# Silly behavior concerning stablemate's poop on the trail



## GracielaGata (Jan 14, 2012)

My mare has never gotten so bad as to dig a hole, but she is insanely happy when I let her stop and pick a pile apart to give it a very thorough smelling. Especially if she knows it belongs to an unknown horse. She is the only one of all the horses I know who does this. 
She also does the flehmen response when anyone else pees while she is around. And she will hold it for a while quite happily as she continues to plod along. 

So no help, if you were looking for any, but just wanted to say it isn't just your horse.


----------



## trailhorserider (Oct 13, 2009)

Last time I rode my gelding out on the trail I had ridden his mother earlier the same day on parts of the same trail. He would go along and smell the ground, bushes, and of course any piles of poop. 

It made me wonder if he recognized that it was his mom's smell. I would assume so. It's normal for them to smell piles of poop but I never had him go around smelling the ground or bushes along the trail like that before.
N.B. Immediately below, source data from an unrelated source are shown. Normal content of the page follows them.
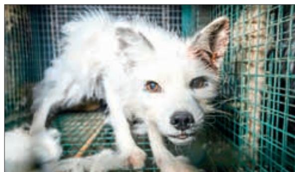
The footage reveals the conditions in which the foxes live, trapped inside small, wire mesh cages.

"Fur farming should have been banned in Finland by now and I think it is shameful that this has not yet been done", Left Alliance MP Mai Kivela told AFP. —AFP
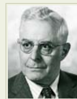
William H. Stein 1972 Chemistry
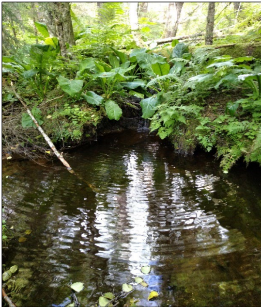
Figure 1. Upstream at waypoint 611.
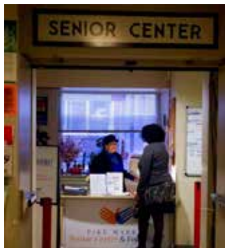
Share your passion and skills.

Pike Market Senior Center, located in the heart of Pike Place Market, is looking for willing folks to share their passions through facilitating workshops, lectures and skill sharing. We are developing opportunities to expand the minds, and increase socialization opportunities, of our members and need your help. All of our programming
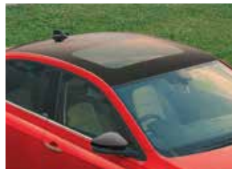
Black Roof Foil with Electric Sunroof
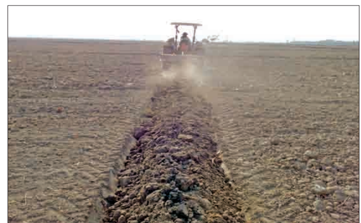
Land reclamation in Bilugyun Township.

The span across the Thanlwin River is especially important for Chaungzone Township on the Bilugyun island, a large, major island that, until this bridge was built, was accessible only by boat. The bridge is the one spanning Bilugyun, which is a part of the Gulf of Mottama/ Gulf of Martaban. Bilugyun Island has a population of over 120,000, 858 square kilometers in area. With better transpor-
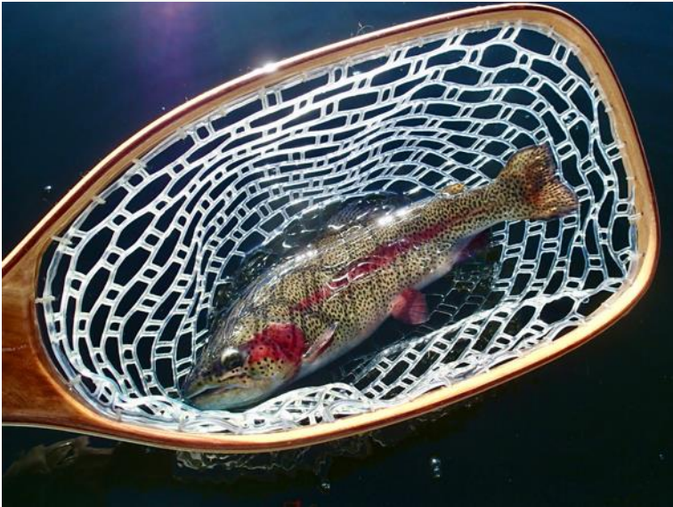
Shawn DeArmond with this beautiful rainbow trout
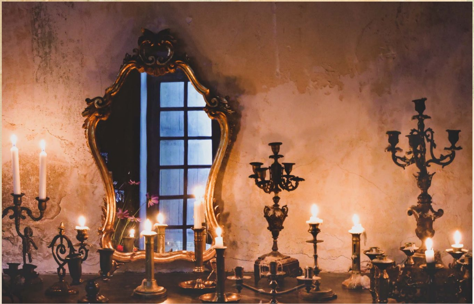
THE SALON DE PRINTEMPS
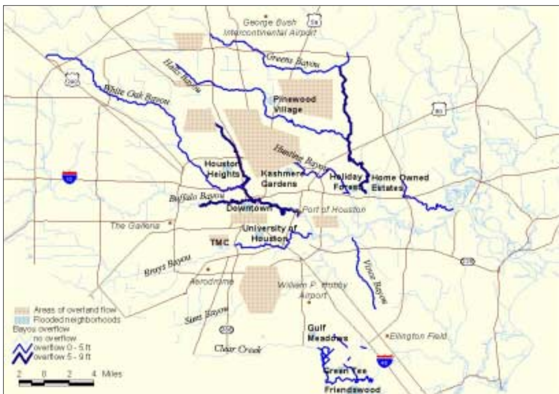
Figure 3. General overview of the extent and types of flooding in the Houston region caused by TS Allison.

In just 5 days, Allison dropped 80% of the Houston region's total average annual rainfall, which was 170% of the 500-year rainfall event calculated for the region. Flood control systems and bayous were overwhelmed. The Harris County Office of Emergency Management recorded severe and record breaking flooding on 15 major bayous in central Harris County. Five of six major bayous running through central Houston overtopped their banks, and 4 of them (Greens, Buffalo, Halls, and White Oak bayous), exceeded their 100-year flood levels. Greens Bayou crested at nearly 20 feet (6 meters) above its banks. Surface water run-off was also excessive, and depths of 5 feet (1.6 meters) were recorded near the Texas Medical Center (TMC) and Rice University.

Normally I don't ride them back-to-back on the same day, so that was kind of unusual. It's like he was saying, "I smell mom here!"


----------



## Katz1411 (Jul 31, 2014)

When I turn out my gelding he'll walk along smelling any "new" piles in the pasture - likes to know who's been out there.


----------



## Woodhaven (Jan 21, 2014)

One time years ago my husband, sister and I were going to go for a ride, sis didn't show up on time so husband and I decided to go anyway, after we were out for a while I could see my sister on her young horse across a field and her horse was trotting along with his nose to the ground like a hunting dog. I said to my husband to look over and see this. That horse was tracking us and following the exact path that we had just ridden. We waited there and they caught up to us but he was definitely following our trail, sis figured that this was what he was doing so just let him go hoping that he would find us.
I have found that horses are always interested in any poop they come across while out riding. Never had a horse paw at it like that though.


----------